但多看一看、多聊几句话,总没人管得着吧?说不定还能占到些男人们都懂的小便宜。
前院的闫解成,自从贾东旭去世后,来中院的次数明显多了,嘴上说是“串门”,眼神却总往贾家瞟;后院的许大茂自己,每次路过中院不也得特意看上几眼?还有中院的傻柱,更是厚脸皮,每天从厂里带回来的饭盒,十次有八次都送到贾家,不就是想跟秦淮茹多聊几句、多看她几眼吗?院子里几个半大的小伙子,也总爱偷偷打量秦淮茹。
此时,贾家房门敞开着,秦淮茹抱着孩子坐在门口的小马扎上乘凉。
她背对着院门,上身微微前倾,正低着头给孩子喂奶。
午后的阳光斜斜洒在她身上,勾勒出纤细的腰肢和圆润的肩头,背影曲线玲珑,透着一股难以言喻的诱惑力,看得许大茂心里痒痒的,酒劲似乎更上头了。
他脚步踉跄地凑过去,想上前搭话。
秦淮茹听到身后有动静,下意识地侧过身子回头查看。
这一侧身,她胸前的衣襟微微松开,一片耀眼的白皙毫无防备地闯入许大茂的视线。
许大茂瞬间看呆了——活了二十多年,他还是第一次见到这样的情景。
嘴里叼着的兰花掉在地上,他全然没有察觉,只觉得鼻腔一热,两道鲜红的鼻血“唰”地流了下来,滴在军绿色的裤子上,浸湿出一块痕迹。

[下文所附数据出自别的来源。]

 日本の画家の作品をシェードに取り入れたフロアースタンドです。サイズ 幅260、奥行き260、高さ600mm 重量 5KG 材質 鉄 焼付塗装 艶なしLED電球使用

秦淮茹瞥见他这副模样,又低头看了看自己敞开的衣襟,脸“唰”地一下红了,连忙转过身,慌乱地拢紧衣服。
许大茂像是着了魔,醉醺醺的眼里只剩下那抹晃眼的白皙,嘴里喃喃自语:“真白……真好看……”
一边说着,一边又往前凑了两步,满身酒气直往秦淮茹身上飘。
秦淮茹能感觉到他越来越近的气息,回头一看,只见许大茂眼神直勾勾地盯着自己的胸前,呼吸粗重,那模样竟像是要跟怀里的孩子抢奶吃。
她被吓了一跳,尖叫道:“啊——许大茂!你想死啊!”
屋里,贾张氏正坐在炕边纳鞋底,听到儿媳妇的尖叫声,连忙扔下针线跑了出来。
一出门,就看见许大茂醉醺醺地往秦淮茹身前凑,眼神直勾勾的,明显起了色心,而秦淮茹满脸通红,紧紧抱着孩子往后退缩——这场景,用脚指头想也知道发生了什么!
“我打死你这个臭流氓!”贾张氏勃然大怒,抓起手里的鞋底,朝着许大茂的脸就打了过去。

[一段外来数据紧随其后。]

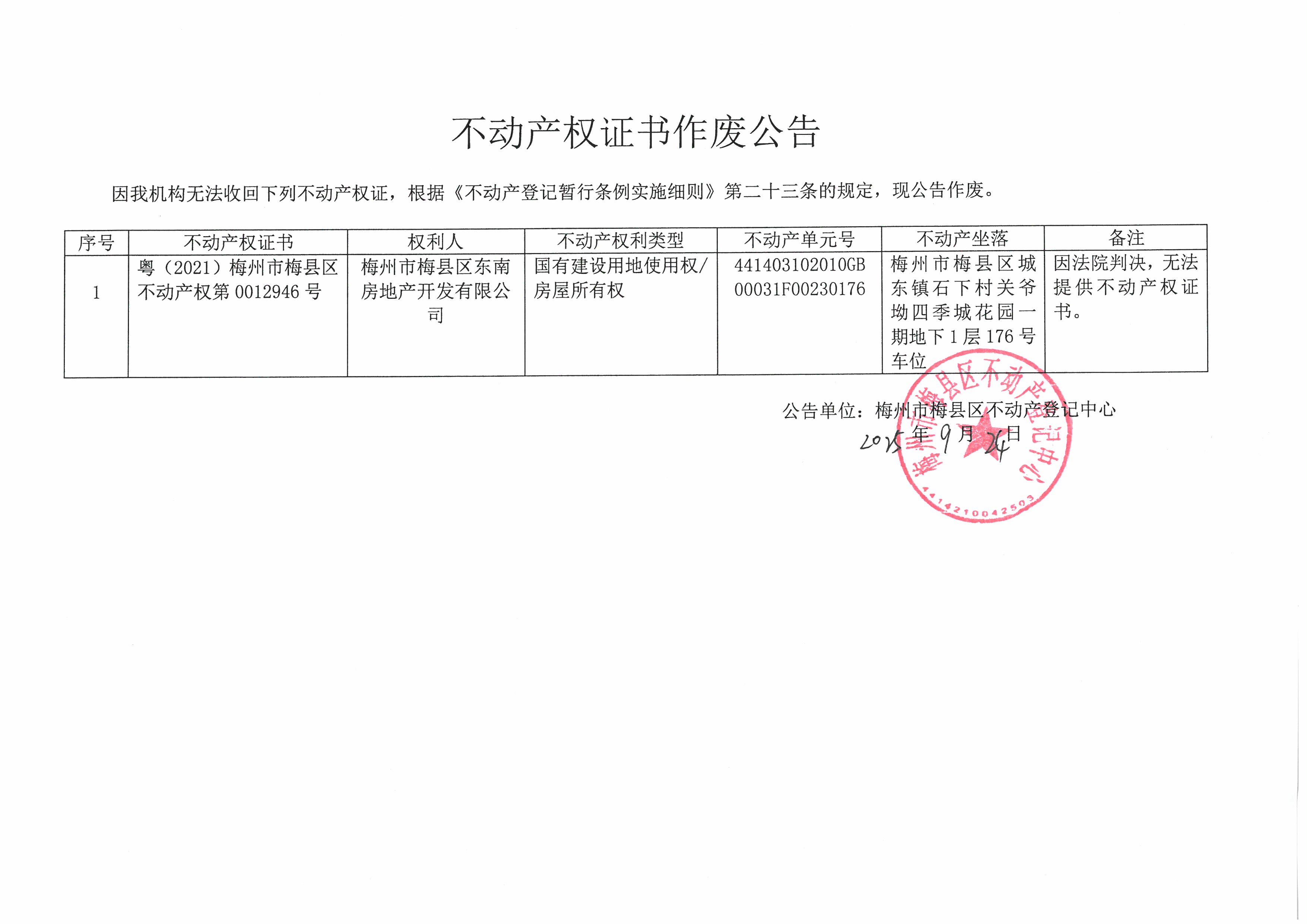 不动产登记中心登记公告(作废公告-梅州市梅县区东南房地产开发有限公司-粤(2021)梅州市梅县区不动产权第0012946号)

“啪”的一声脆响,鞋底带着力道抽在他的脸颊上,火辣辣地疼。
这一下,把许大茂的酒气抽醒了大半。
他疼得“哎哟”叫了一声,脑子瞬间清醒不少,看着怒气冲冲的贾张氏和满脸慌张的秦淮茹,顿时知道自己闯祸了,转身就想跑。
可贾张氏哪里肯放过他,一把揪住他的衣襟,使劲往后一拽,扯着嗓子大喊:“耍流氓啊!大家快来看啊!许大茂耍流氓啊!光天化日之下欺负我们孤儿寡母……”
“误会!贾大妈,这是误会!”许大茂急得满头大汗,拼命想挣脱,但贾张氏抓得死死的,尤其是那只手还拽着他的裤子,力道大得惊人。